[What is being asked]: Nothing but the lines below from the one holding "Replace the value" up to and including the one holding "Sweetnana 寬鬆堆堆" should be copied, exactly and without pictures.

[Listed records]:
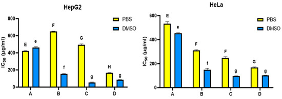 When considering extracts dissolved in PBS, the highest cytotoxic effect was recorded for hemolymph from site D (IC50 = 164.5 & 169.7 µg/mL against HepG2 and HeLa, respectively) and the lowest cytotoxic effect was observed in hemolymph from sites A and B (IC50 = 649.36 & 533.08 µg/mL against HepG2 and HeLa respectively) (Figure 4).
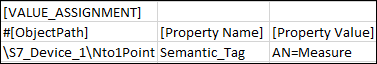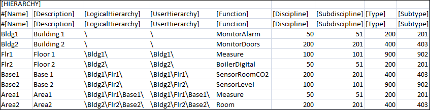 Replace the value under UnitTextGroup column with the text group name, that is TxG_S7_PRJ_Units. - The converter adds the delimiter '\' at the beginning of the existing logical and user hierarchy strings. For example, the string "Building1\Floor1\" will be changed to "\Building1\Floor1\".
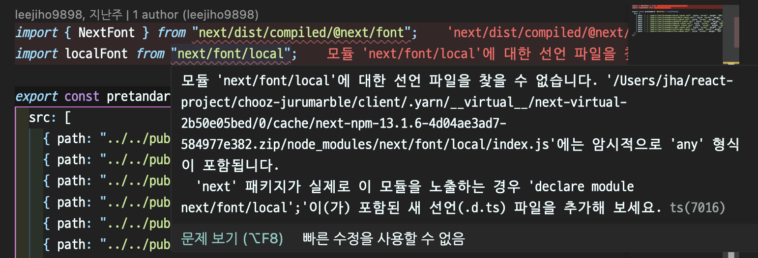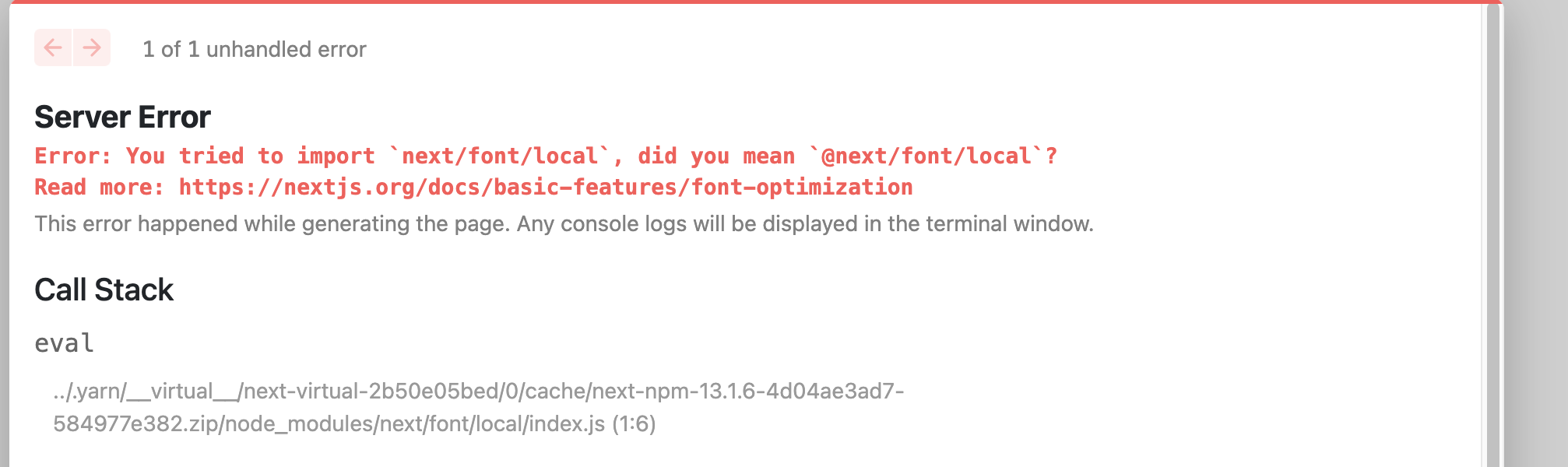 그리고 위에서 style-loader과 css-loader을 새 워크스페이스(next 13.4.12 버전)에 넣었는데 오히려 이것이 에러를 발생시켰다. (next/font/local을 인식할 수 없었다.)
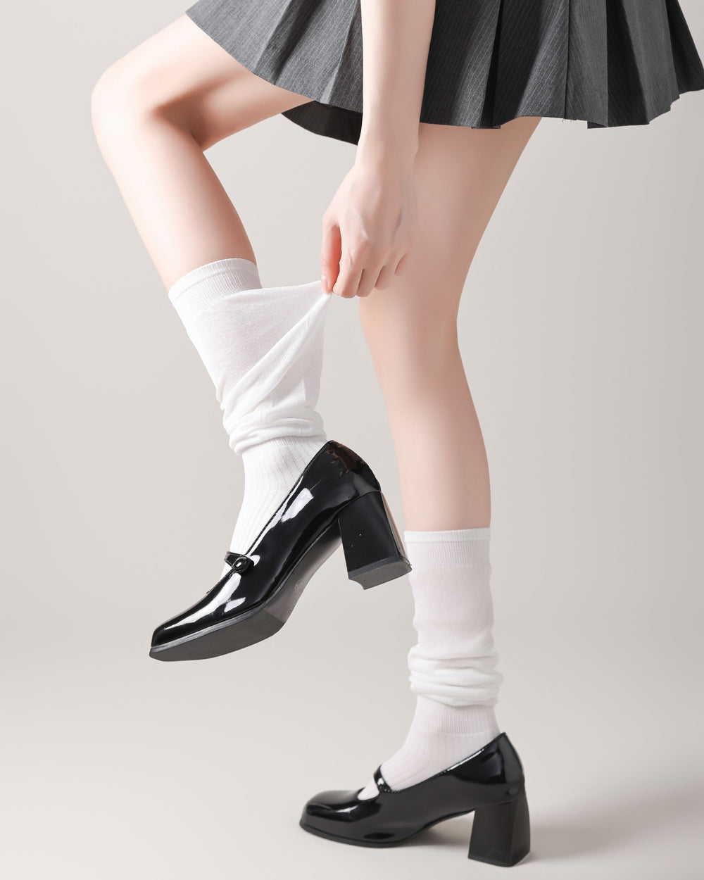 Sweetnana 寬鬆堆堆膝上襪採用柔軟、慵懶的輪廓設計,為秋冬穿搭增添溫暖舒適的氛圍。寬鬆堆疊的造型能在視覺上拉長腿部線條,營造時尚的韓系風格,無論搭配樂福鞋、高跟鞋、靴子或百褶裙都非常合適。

---

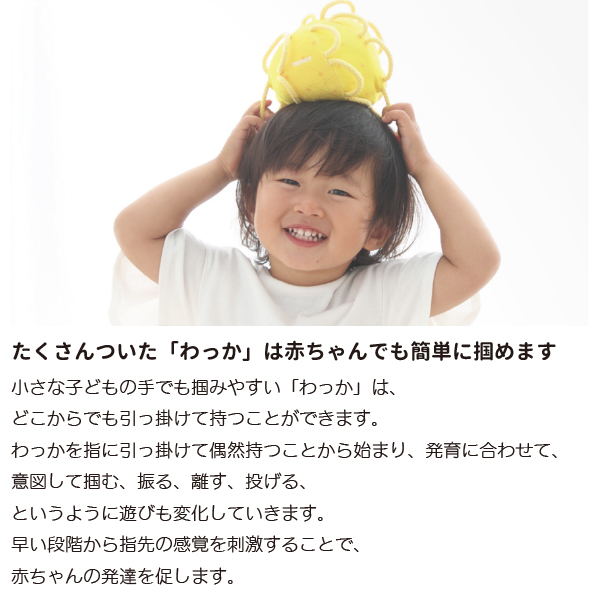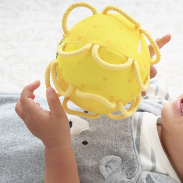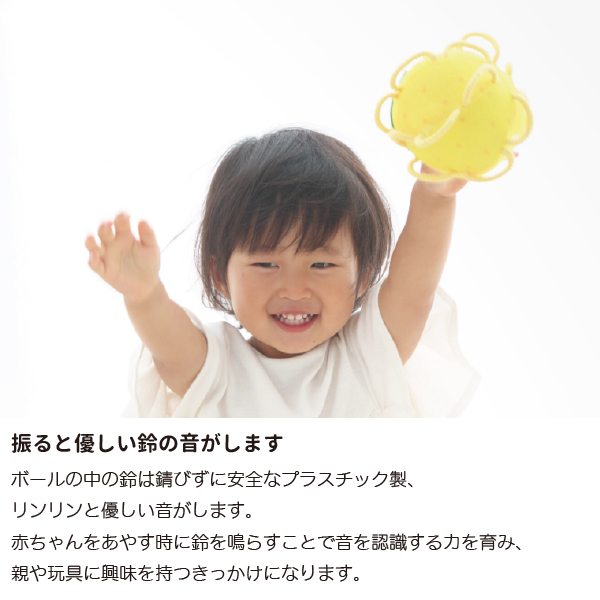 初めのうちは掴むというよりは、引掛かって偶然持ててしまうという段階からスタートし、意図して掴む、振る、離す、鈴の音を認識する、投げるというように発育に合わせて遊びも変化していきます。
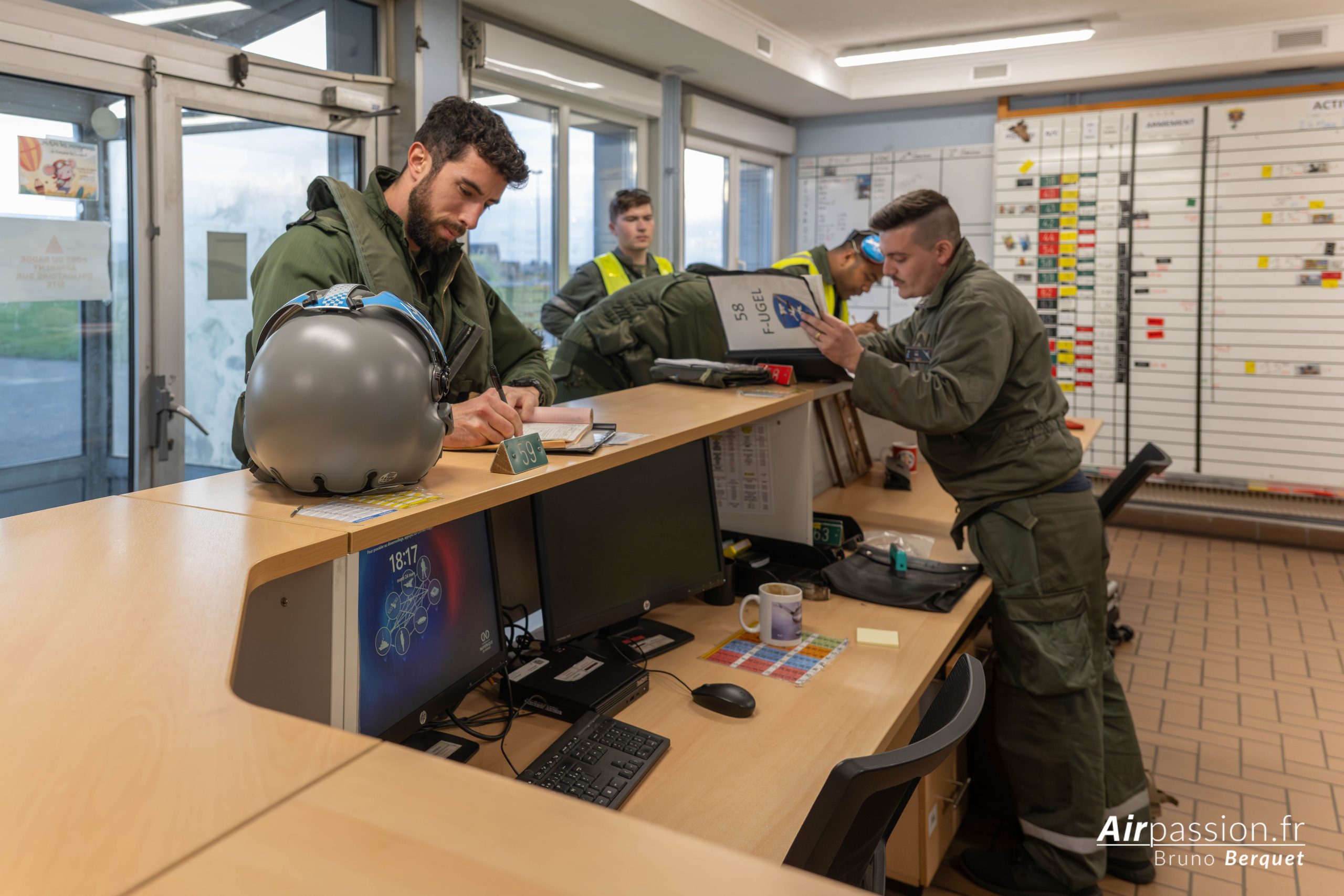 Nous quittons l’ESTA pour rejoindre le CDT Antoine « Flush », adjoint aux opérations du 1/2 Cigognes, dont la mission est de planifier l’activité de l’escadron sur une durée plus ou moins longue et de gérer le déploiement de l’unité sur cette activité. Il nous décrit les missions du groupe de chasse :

[Response to this task]:
 Replace the value under UnitTextGroup column with the text group name, that is TxG_S7_PRJ_Units. - The converter adds the delimiter '\' at the beginning of the existing logical and user hierarchy strings. For example, the string "Building1\Floor1\" will be changed to "\Building1\Floor1\".
 그리고 위에서 style-loader과 css-loader을 새 워크스페이스(next 13.4.12 버전)에 넣었는데 오히려 이것이 에러를 발생시켰다. (next/font/local을 인식할 수 없었다.)
 Sweetnana 寬鬆堆堆膝上襪採用柔軟、慵懶的輪廓設計,為秋冬穿搭增添溫暖舒適的氛圍。寬鬆堆疊的造型能在視覺上拉長腿部線條,營造時尚的韓系風格,無論搭配樂福鞋、高跟鞋、靴子或百褶裙都非常合適。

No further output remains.